June 3, 2011 at 9:46 AM ET

Rob Rugge Photography /
Seattle Mom Prom organizer, Myla Rugge, far left, mugs with her mom friends.

It was prom night and the dance floor was jumping. DJ Disco Vinnie was spinning '80s hits; girls in party dresses were shaking their groove things, or standing in groups, gossiping, taking pictures and eating cupcakes.

Where were the boys? At home, watching the kids. This was Mom Prom, and it was just for the ladies. 

Myla Rugge, a 36-year-old mother from Redmond, Wash., conceived the Seattle Mom Prom back in 2008, while trying to get her baby son to sleep.  “I thought to myself: ‘My mom friends and I really need a party.’”

Courtesy Kristin Kalning /
Jodie Queener, from Bothell, Wash., sings along to Whitney Houston.
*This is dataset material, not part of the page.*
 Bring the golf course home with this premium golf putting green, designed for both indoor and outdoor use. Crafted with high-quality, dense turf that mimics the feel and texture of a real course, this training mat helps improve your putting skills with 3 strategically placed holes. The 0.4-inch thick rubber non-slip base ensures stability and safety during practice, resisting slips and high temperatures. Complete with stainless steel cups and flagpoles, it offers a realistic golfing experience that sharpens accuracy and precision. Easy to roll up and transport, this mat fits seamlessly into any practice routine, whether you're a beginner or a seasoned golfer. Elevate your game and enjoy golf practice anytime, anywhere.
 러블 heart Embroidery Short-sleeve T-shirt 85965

Imagine: An evening without the kids, and yes, without your partner. You can get dolled up, you can dance yourself silly, you can sit down and have a conversation that isn’t punctuated by “No, no – we don’t finger-paint the cat.” And best of all, you can be with other women who totally get it.

Rugge recounts the story of one woman who showed up by herself, but by the end of the evening was posing for prom photos with ladies she’d just met. “She came, she had the guts to show up by herself. And she sensed that it would be OK.”
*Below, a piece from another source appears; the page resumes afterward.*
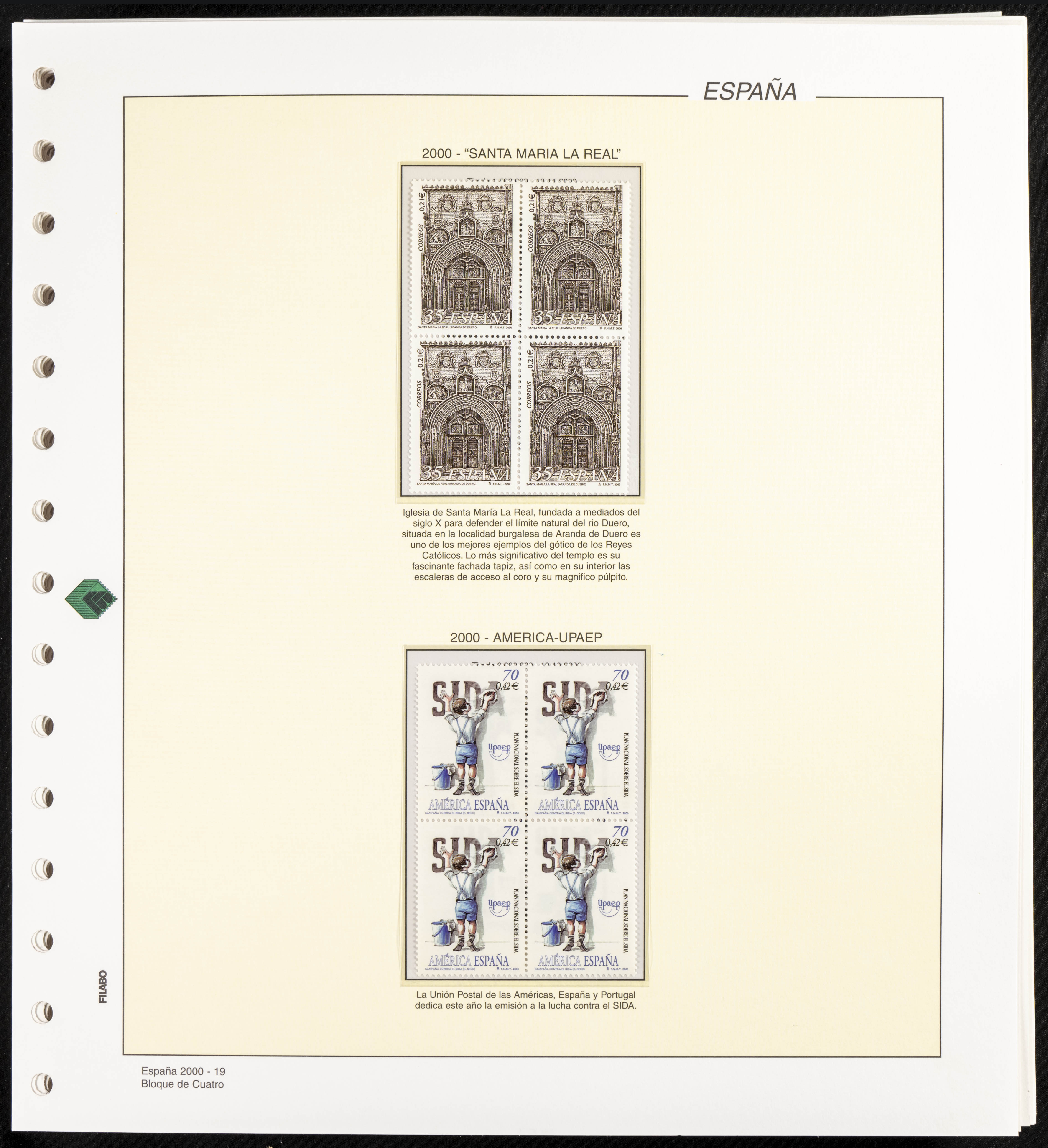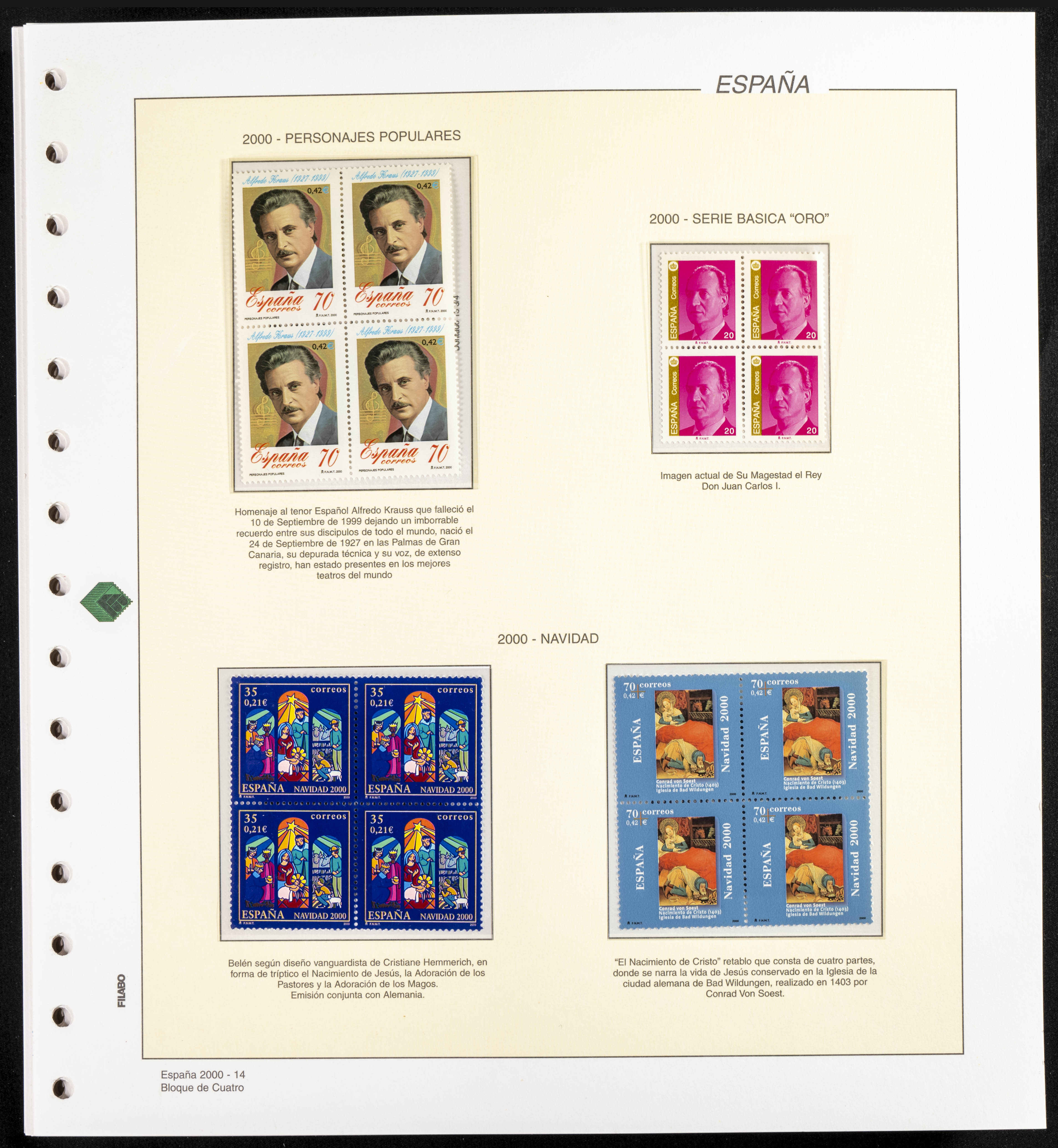 ★★(2000ca). Colección prácticamente completa entre 2000 y 2024, en bloque de cuatro incluyendo cuatro hojas bloque y carnets, el año 2018 parte en bloque de cuatro y desde la mitad del año hasta 2024 un sello de cada (montado en álbumes). (Facial: +6750 Euros). A EXAMINAR.

Adult proms are catching on in a growing number of cities. Betsy Crapps, a mother of three from Canton, Mich., threw the first Mom Prom in 2006. And since then, they’ve gone viral, with organizers around the country urging women to unearth their old prom frocks or bridesmaid monstrosities for the events, which usually benefit a local charity.
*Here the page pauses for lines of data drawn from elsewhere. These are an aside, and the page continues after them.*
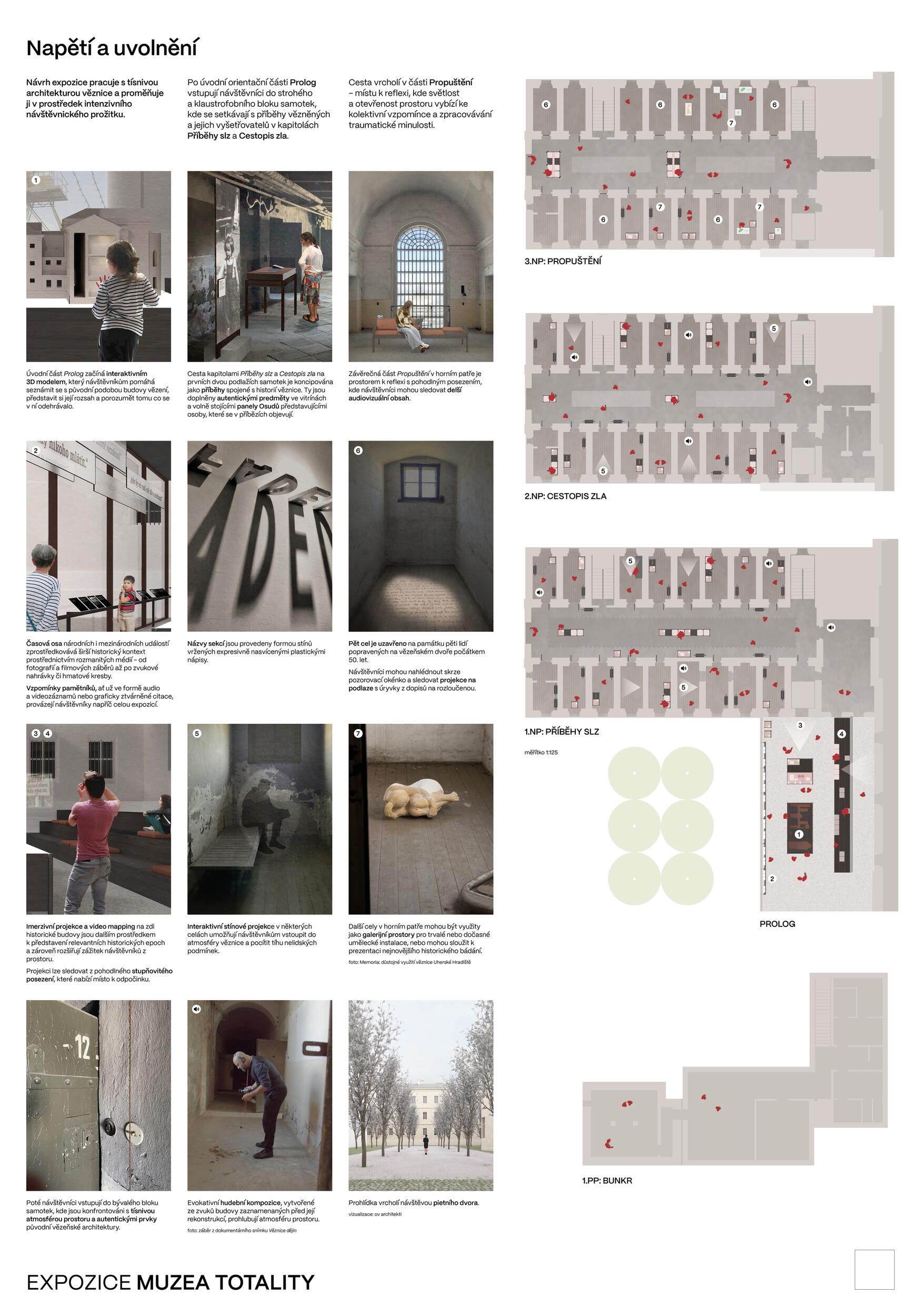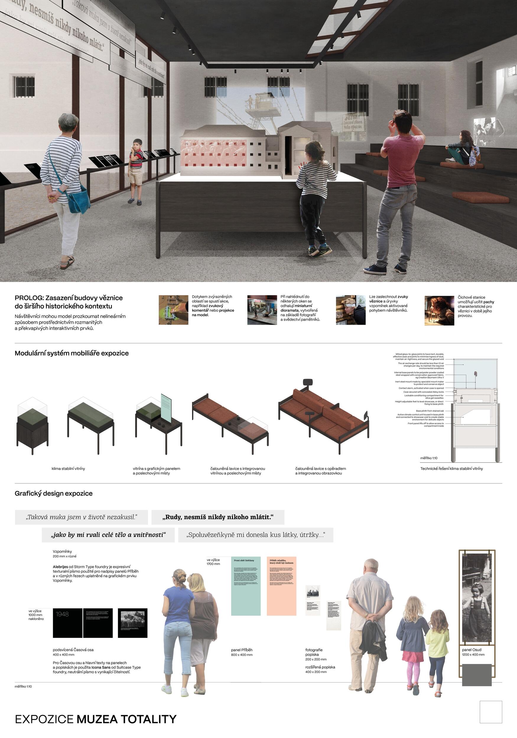 The design presents a dignified and sophisticated concept for a contemporary museum exhibition with a sense of place and the purpose of the institution. Its simple, minimalist, even austere tone emphasises the atmosphere of the prison as a place of suffering and a place for reflection on the history of 20th-century totalitarianism. The exhibition follows the logic of the libretto, works in detail with the material content, and appropriately highlights the fates of individuals in contrast to the bureaucratic repressive apparatus. The modular furniture integrates sufficient opportunities for visitors to rest, including a detailed drawing of climate-stable display cases. The programme proposes sufficient interactive elements for the work of the museum's education department, as well as audiovisual and olfactory attractions. The jury considers the offer of participatory work with the Memoria Association, the Moravian Museum and the local community on the possibility of reflection to be innovative. The graphic design is suitable for all formats of museum texts, including work with image materials, quotations, captions, and 3D typography. A point of discussion was the scope of architectural modifications to the existing renovated state and the possibility of restoring the prison's inner courtyard. The restoration of the galleries and partial connection via "bridges" with resting elements is indicated but not elaborated. The jury would consider it appropriate to examine this in the context of the construction modifications to the museum and the building as a whole.
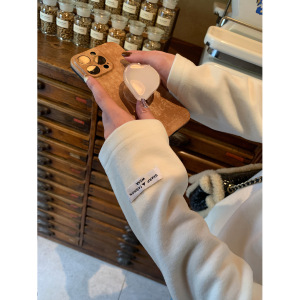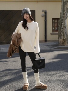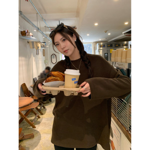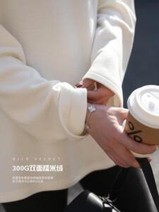 阿一 300g糯米双面绒亲肤圆领打底衫女秋季磨毛宽松白色长袖上衣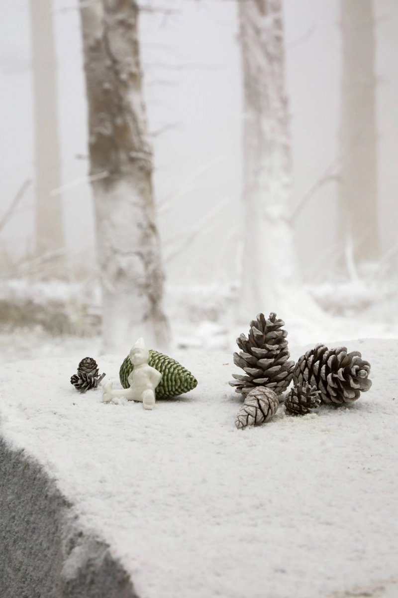 Christmas Tales-kollektionen är skapad med känsla av julmagi. Figurerna är inspirerade av gamla legender och var och en berättar en historia med inslag från den vackra nordiska naturen. Kottarna och vedträna är avgjutna från riktiga, vilket skapar en vacker kontrast till de stilistiska figurerna.Gossen som vilar mot kotten påminner om oss något viktigt i livet, att ta vara på stunden och njuta av stillheten.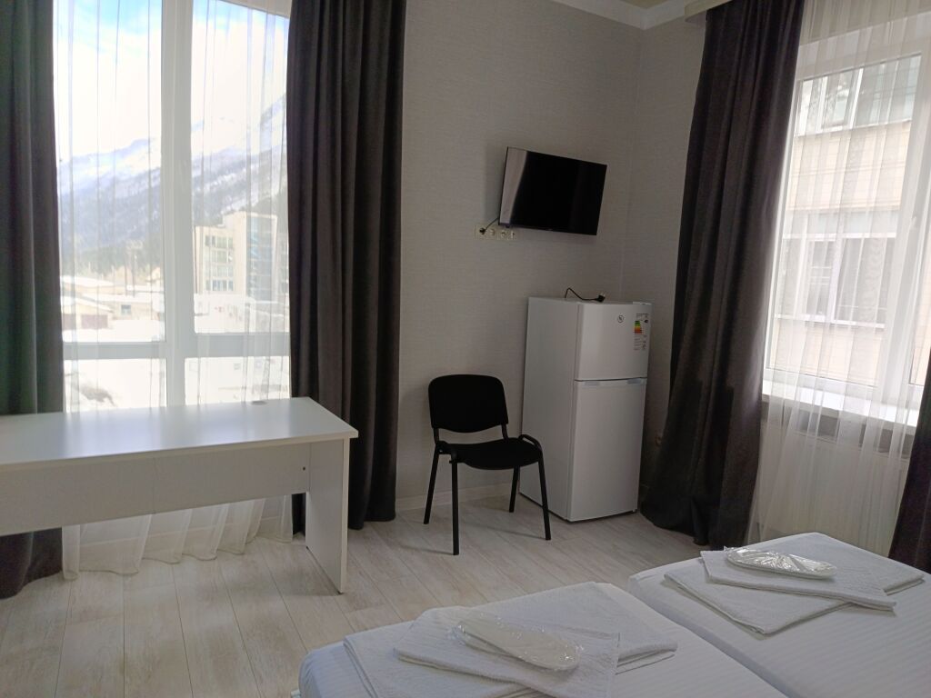 Wi-Fi, интернет, душевая кабина, теплый пол, банные принадлежности, банные полотенца, тапочки, две односпальные кровати, гипоаллергенное белье, гладильная доска, ортопедический матрас, тумбы, шкаф для одежды, информационная карта, меню, сейф, минеральная вода, унитаз, питьевая вода, отопление, плиточное покрытие, центральное кондиционирование, ламинат, туалетные средства, мангал, сушилка для белья, вид на горы, телевизор со Smart TV, теплые полы, онлайн-регистрация до заезда, уборка номера, услуги прачечной (платно), вешалки-плечики, бутилированная вода, мыло, без питомцевВ гостиничном номере

Rugge’s vision differs a bit from these proms: For one thing, you needn’t be a mom to attend.  “I had friends that weren’t moms who wanted to hang out and party and they’re my support system,” said Rugge. “I wanted it to be about women more than about moms.”

You don’t need to dig up your lace-and-tulle disaster from 1990, either.  Rugge said, “You can rock a pair of Tevas and a North Face fleece”  (considered formal wear here in Seattle). “It’s already hard enough to get that one night out, so just come as you are, and have fun with it. You can come in sweatpants and a t-shirt with spit-up on it.”

On a recent Saturday, about 180 women turned up the Seattle Mom Prom but I saw neither fleece nor sandals. The prom had an 80s theme – mostly for the rad music -- and many gals went for it, sporting fingerless gloves, neon fabrics, side ponytails, and Flashdance-style sweatshirts. (I am now the proud owner of a crimping iron that I will likely never use again.)

This prom had a totally legal bar, as well as snacks you might see at a slumber party for 180 people: jars of Sour Patch Kids, Red Vines, M&Ms and Doritos. Rob Rugge, Myla’s husband, took over 300 prom photos against a legitimately cheesy prom background, where women gleefully mugged, hugged and jumped. If you weren’t the proud owner of a crimping iron, there were two stylists on deck to give women the hairdo of their prom dreams. The night raised nearly $4,000 for Postpartum Support International of Washington.

Alee Spencer, a 47-year-old mother of three, said she came to “dance for a good cause.” Erica Gaebel, a new mom from Bothell, Wash., said she came "to get free!” And Trina Fateh, of Bellevue, Wash., was psyched to get together with the ladies at an event that wasn’t a play date.

 “I loved getting dressed up, putting makeup on, coordinating with the girls,” she said. “I like feeling like a woman, and not just a mother.”

Rob Rugge Photography /
Writer Kristin Kalning, third from right, rocking the Mom Prom with her playgroup buddies.